Но вдруг откуда-то слева, из темноты многоголосый шум, песни, радостный, звенящий оркестровый марш. Ах, как хотелось в эту минуту музыки, и она пришла! Откуда?! Это рабочие соседних с аэродромом заводов, чудом узнав о волнующей вести, буквально в несколько минут собрались тысячными колоннами и с оркестром, со знаменами шагают сюда.
Ожидание становится нестерпимым. Что, если это все-таки
Громадные неоновые буквы сияют на карнизе аэропорта, далеко лучатся в воздушную тьму. На трех языках — Москва, Москау, Моску… Они горят и призывают воздушных путников, они указывают надежную и крепкую пристань на твердой советской земле.
И из мглы, сверкая ослепительными фарами на концах широких крыльев, возникает громадная птица. Она исчезает на минуту, делая посадочный круг, и вот опять распласталась уже совсем низко, над головами. Рев моторов, пробег по земле, — скорей к кабинке, хоть с риском угодить под лопасти винта! Ревнивое чувство, задорное стремление первым ворваться и узнать содержимое летающего вагона. Но нет, первым по-хозяйски открывает дверцу начальник авиации. Зато вторым — пусть вторым! — можно схватить, обнять и прижаться губами к холодным щекам живого, настоящего, спасенного из фашистского ада, усталого, но улыбающегося Димитрова.
— Ну как?!
Нелепый вопрос.
Он спокойно, тихо смеется и отвечает простым веселым московским:
— Ничего!
А дальше — шумный, радостный ералаш, объятия, крики, давка, музыка, хлопанье автомобильных дверок. Ленинградское шоссе, огни. Тверская. И, наконец, первый разговор в советской комнате, в кругу друзей.
— Разбудили на заре, скомандовали «одеваться», «с вещами», а куда — неизвестно. Усадили в машины — и на аэродром. Только там сказали, что отправляют в Москву…
— Десять месяцев не видали никаких книг и газет, кроме фашистских… Только короткий срок после оправдания давали «Правду», потом опять прекратили…
— Здоровье? Не знаю, кажется, плохо…
— Мы знаем, кому мы обязаны своим спасением. Если бы не Коминтерн, не международная пролетарская активность, не наша печать, не «Правда», если бы не грозная сила советского рабочего класса, не бывать бы нам живыми здесь.

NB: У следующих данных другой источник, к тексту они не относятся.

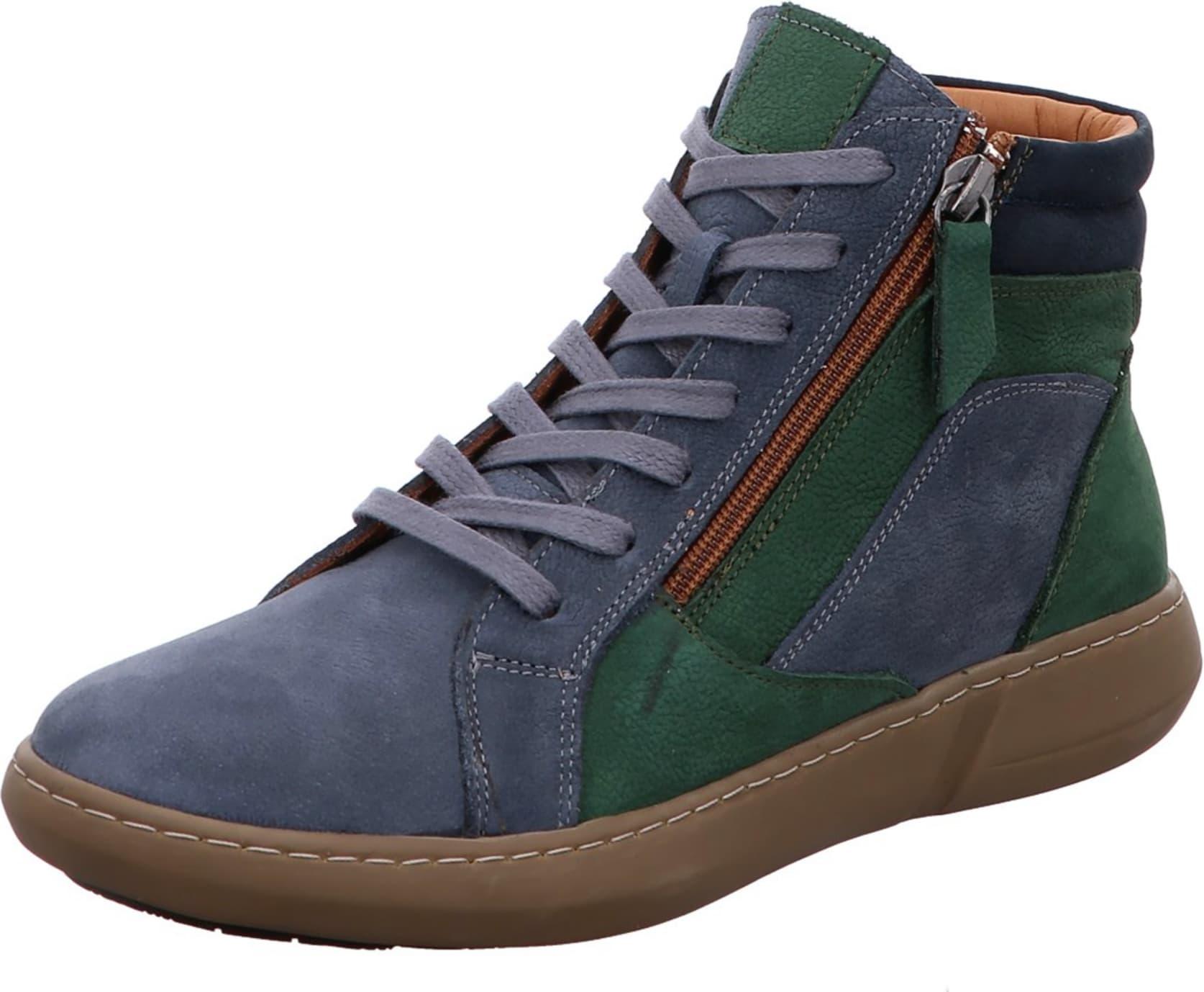 Gemini Damen Schnürboot blau 390096-03-087ProdukteigenschaftenObermaterial: LederFarbangabe des Herstellers: blau/grünFutter: TextilInnensohle: Textil, herausnehmbarLaufsohle: flexibel, gummiertVerschluss: Schnürung, ReißverschlussSchafthöhe: 10 cmSchaftweite: 27,5Passform: normalSonstiges: nicht wasserdicht
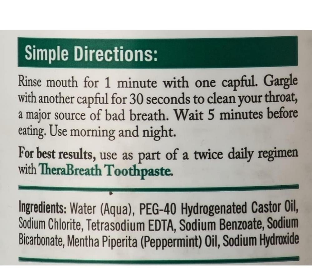 قم بإزالة الغطاء والغلق الواقي، واملأ كوب الجرعات، واشطف الفم لمدة دقيقة واحدة بكوب واحد ممتلئ، ثم غرغرة بكوب آخر ممتلئ لمدة 30 ثانية لتنظيف الحلق، وانتظر 5 دقائق قبل تناول الطعام، وكرر كل 8-12 ساعة، استخدمه كجزء من نظام الأسنان مرتين يوميًا مع معجون الأسنان ثيرابريث.
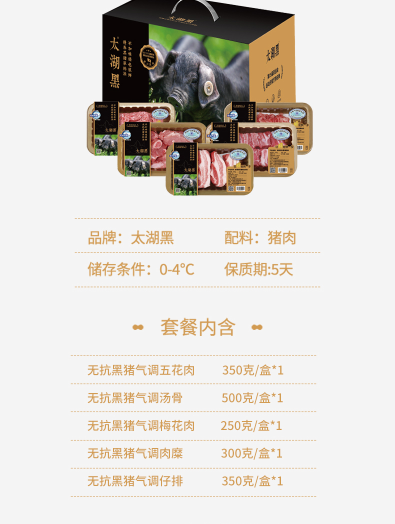 【直送到家】1650g太湖黑猪气调礼盒(冷鲜)(发货时间较长 慎重下单)
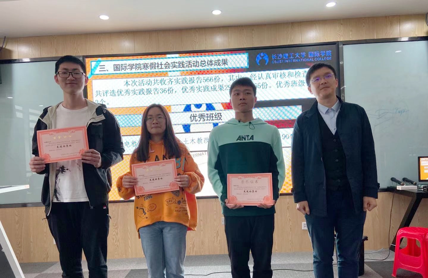 首先,国际学院实践部部长肖翼邦向全体师生汇报了此次寒假社会实践的成果。此次寒假社会实践共收齐实践报告566份,共评选优秀实践报告36份,优秀实践成果29份。在ABCDE五大类评优中,评选出A类思想提升和价值引领实践先进个人13名、B类学习交流和语言能力实践先进个人15名、C类创新创业与职业素养实践先进个人14名、D类文化体育与身心发展实践先进个人14名、E类社会实践与养成教育实践先进个人9名,综合评比优秀个人17人,先进班集体3个。

Мануильский прерывает его:
— Это так. Но не скромничай, не преуменьшай своей роли. Твое мужественное поведение на суде имело громадное значение для исхода процесса. Лично ты показал образец того, как должен держаться большевик перед лицом фашистских палачей. Это будет примером для многих и многих. Я не преувеличу, если скажу, что со скамьи подсудимых лейпцигского судилища ты, гремя большевистской правдой, приблизил к Коминтерну не один миллион новых рабочих.
Димитров смущается. Он, кого не могли смутить угрозы всесильных фашистских министров, безотчетно распоряжавшихся его головой, — смущается от похвал товарищей здесь, дома, в московской тихой комнате. И заминает разговор и старается перейти на другие темы.
Каждую минуту, прорывая товарищеский караул у дверей, вламывается кто-нибудь еще, прибежавший впопыхах, вскочивший с постели больной, примчавшийся из-за города…
— После оправдательного приговора к нам в тюрьму начали разными путями проникать весточки, приветы, записочки от немецких рабочих, от молодежи. И была записочка от подпольных берлинских пионеров, которая показалась нам самой подходящей к моменту. Дети-ленинцы писали: «Жить нам очень тяжело, но есть на свете
— Товарищ Димитров, вас просят сделать последние усилия на сегодняшний день. Там в приемной собрались корреспонденты мировой печати, они просят вас сказать хоть несколько слов.
…Принесли цветы, с записочками — от Надежды Константиновны Крупской, от Марии Ильиничны Ульяновой. В приемной приготовились к обстрелу фотоаппараты, взяли на изготовку свои записные книжки репортеры и представители телеграфных агентств.
Усилием воли он стирает с лица усталость, и опять гремит его голос перед рупором всего мира, голос большевика…
1933–1934
Мать семерых
1
В сумасшедшей сутолоке парижского Северного вокзала, в необъятном сплетении потоков людей, машин, грузов, голосов и шумов, в закоулке между газетным киоском, грудой чемоданов и железным барьером затерялось крохотное, незаметное существо. Огромный черный платок, в него закутана целиком тонкая фигурка. Из-под платка только и видны пара большущих живых черных глаз, острый подбородок, маленький, окруженный морщинами насмешливый рот…
Эти глаза, этот рот, как они знакомы. Как безошибочно напоминают они глаза и рот другого человека, повторяющегося десятки миллионов раз на фотоснимках всей мировой печати. Человека, который девятый месяц в непрестанном напряжении, в замкнутом кольце врагов, видя близкую смерть, мужественно сражается за правду своей позиции, за правду своей партии, за правду своего класса.
— Вы устали, товарищ Параскева! Ведь какое долгое путешествие, из Болгарии сюда, в Париж, да еще отсюда теперь в Берлин…
Черные бессонные глаза смотрят неподвижно, спокойно.
— Да, немножко уже устала. Но поддаваться нельзя. Еще главное впереди. И потом я уже привыкла. Ведь Георгий — это четвертый мой сын, которого хотят убить.
— Четвертый?
— Да, четвертый. Одного замучило царское правительство в Сибири, второго убили на войне, третьего казнила власть Цанкова в Болгарии в тысяча девятьсот двадцать пятом году. У меня уже и пятый есть. Внук восемнадцати лет — сидит в Софии в тюрьме.
Старушка Параскева Димитрова горда, что сын ее так хорошо говорит по-немецки на суде. Да и она сама не ударила лицом в грязь ни перед сыном, ни перед людьми. Вчера в гигантском зале Булье в присутствии семи тысяч парижских рабочих, в обстановке невыразимых оваций, она произнесла целую маленькую речь, перевод которой зал прослушал в величайшем волнении:
— Я счастлива присутствовать на таком огромном собрании. В Болгарии вот уже десять лет как рабочие не могут собраться вот так. Мой сын Георгий Димитров отдал тридцать пять лет рабочему движению. Это не такой человек, чтобы устраивать поджоги. Он теперь в лапах у фашистов. Я призываю вас бороться, чтобы освободить как-нибудь Димитрова, его товарищей и всех рабочих.
Если бы энергию одного только воспламененного собрания в зале Булье, если бы только эту энергию, рожденную короткими словами старой Параскевы, можно было сгустить и направить на здание Верховного суда, — Димитров был бы мгновенно свободен. Но физика классового суда — классовой борьбы гораздо сложнее. Димитров и его товарищи крепко заперты. Тень палача уже витает над ними.